EXERCISE PROMPT
Exactly the lines from the one containing "Das Schloss ist" through the one containing "A amizade torna" in the listing below are to be copied, with the pictures left out.

EXTRACTED DATA
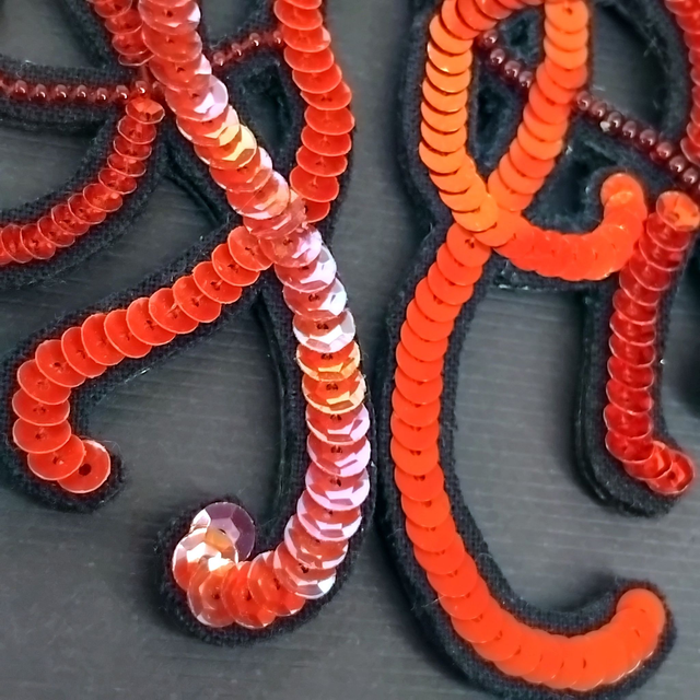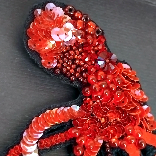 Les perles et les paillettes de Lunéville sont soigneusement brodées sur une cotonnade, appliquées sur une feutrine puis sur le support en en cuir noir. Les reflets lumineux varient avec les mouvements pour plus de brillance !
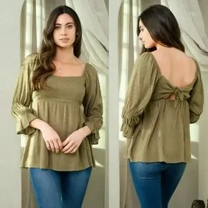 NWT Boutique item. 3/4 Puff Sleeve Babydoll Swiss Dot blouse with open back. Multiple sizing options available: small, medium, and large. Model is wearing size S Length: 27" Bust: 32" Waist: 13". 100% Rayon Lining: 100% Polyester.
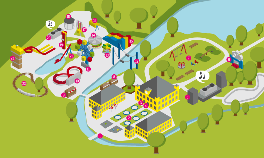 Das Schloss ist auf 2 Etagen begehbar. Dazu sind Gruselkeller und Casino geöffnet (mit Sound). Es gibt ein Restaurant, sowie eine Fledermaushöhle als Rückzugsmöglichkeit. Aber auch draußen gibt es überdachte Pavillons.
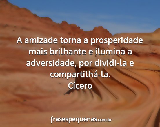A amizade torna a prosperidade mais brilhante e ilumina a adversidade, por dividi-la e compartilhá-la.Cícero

--

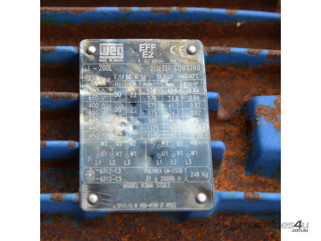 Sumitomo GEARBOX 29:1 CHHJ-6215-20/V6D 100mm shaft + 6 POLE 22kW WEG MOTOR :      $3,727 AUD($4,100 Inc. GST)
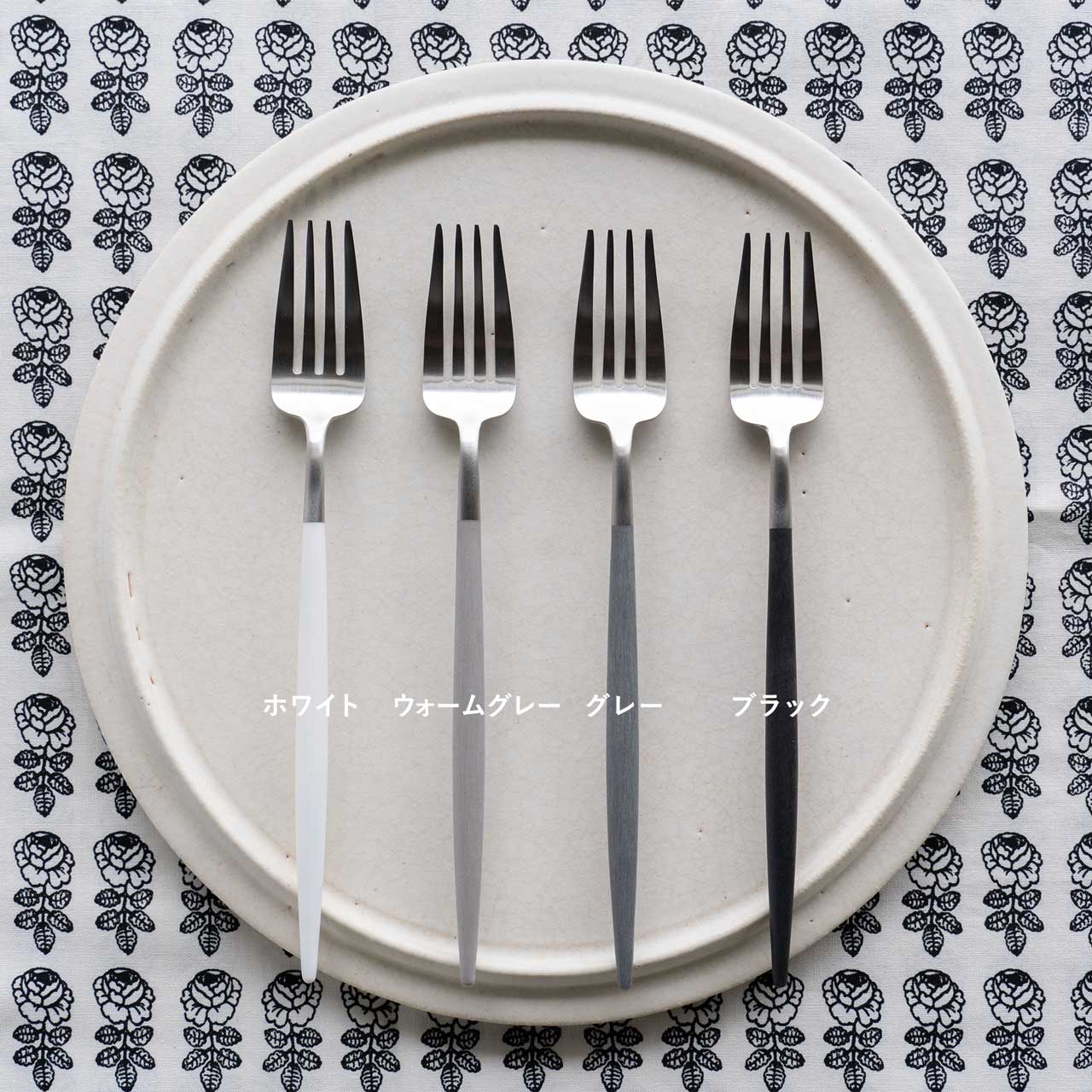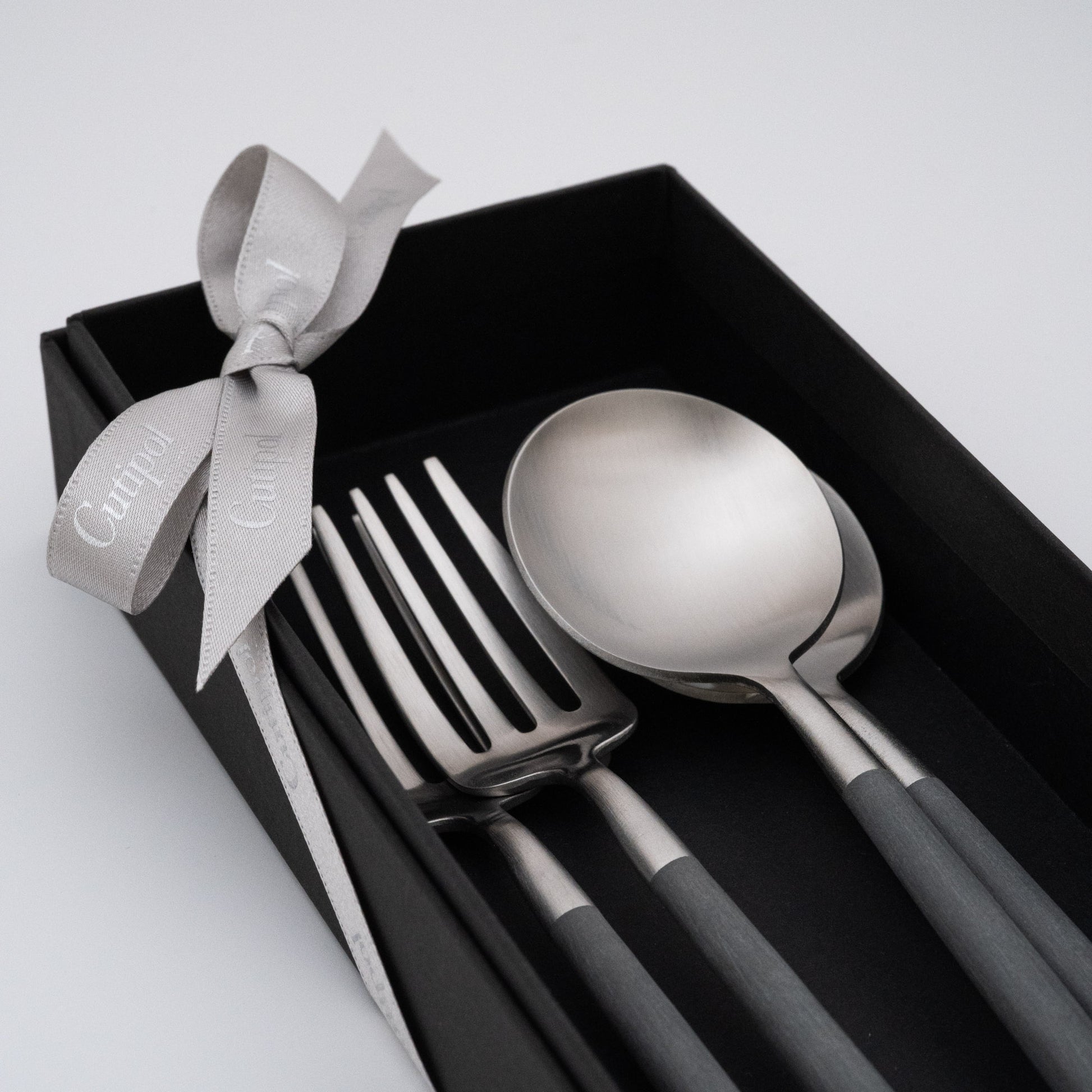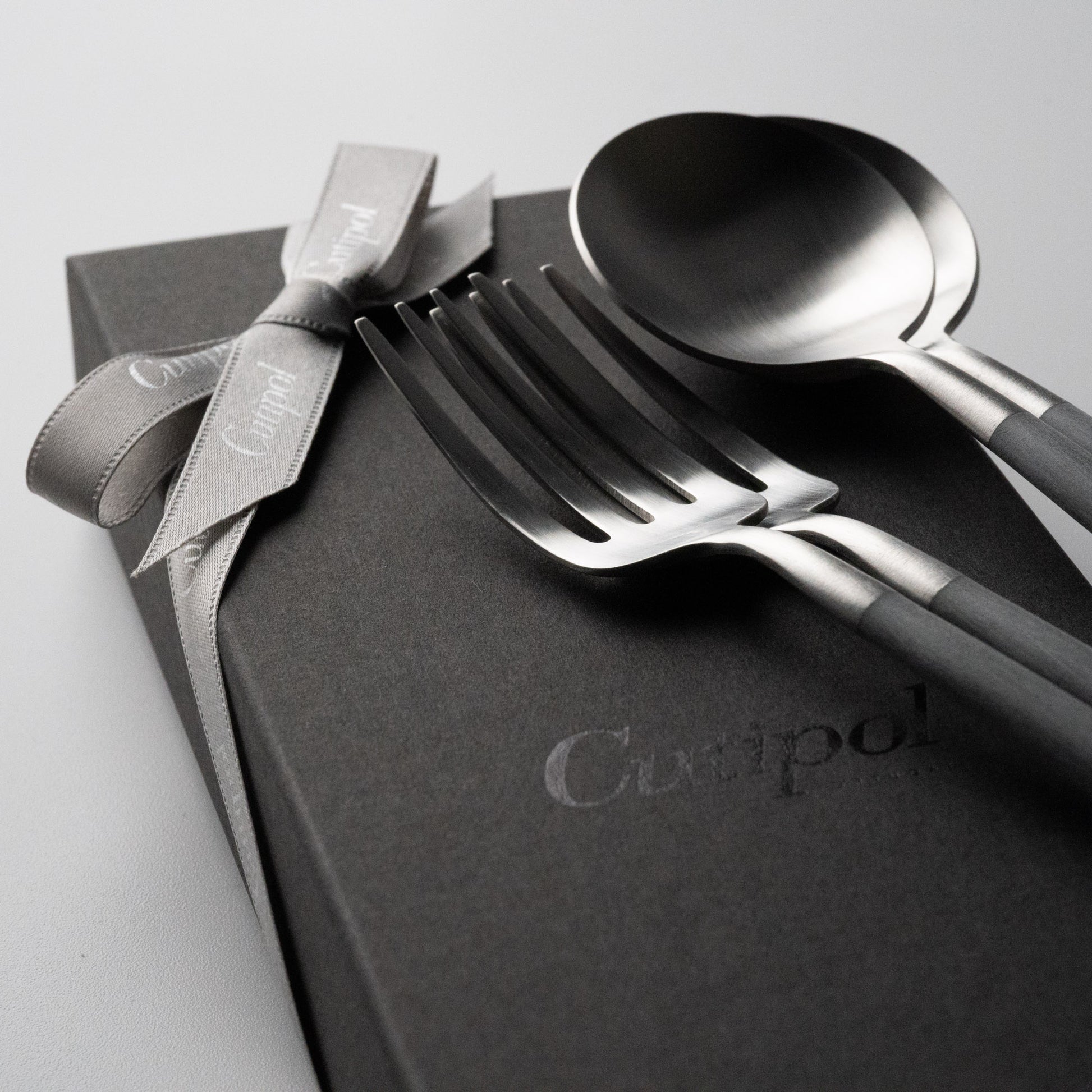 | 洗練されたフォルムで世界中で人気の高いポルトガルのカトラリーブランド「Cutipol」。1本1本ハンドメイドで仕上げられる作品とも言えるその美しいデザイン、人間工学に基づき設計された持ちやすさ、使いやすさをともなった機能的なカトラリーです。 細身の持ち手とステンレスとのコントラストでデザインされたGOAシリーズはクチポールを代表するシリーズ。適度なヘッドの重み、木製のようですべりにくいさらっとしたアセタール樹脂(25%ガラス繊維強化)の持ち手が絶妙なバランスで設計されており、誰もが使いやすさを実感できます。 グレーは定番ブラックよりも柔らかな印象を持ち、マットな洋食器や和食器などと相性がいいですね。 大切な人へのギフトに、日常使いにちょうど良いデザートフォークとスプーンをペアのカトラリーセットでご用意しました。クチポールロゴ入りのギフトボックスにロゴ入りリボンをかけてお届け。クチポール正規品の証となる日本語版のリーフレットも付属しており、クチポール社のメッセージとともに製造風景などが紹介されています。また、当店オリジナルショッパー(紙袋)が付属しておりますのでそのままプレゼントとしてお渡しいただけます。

ANSWER TO THE PROBLEM
 Das Schloss ist auf 2 Etagen begehbar. Dazu sind Gruselkeller und Casino geöffnet (mit Sound). Es gibt ein Restaurant, sowie eine Fledermaushöhle als Rückzugsmöglichkeit. Aber auch draußen gibt es überdachte Pavillons.
A amizade torna a prosperidade mais brilhante e ilumina a adversidade, por dividi-la e compartilhá-la.Cícero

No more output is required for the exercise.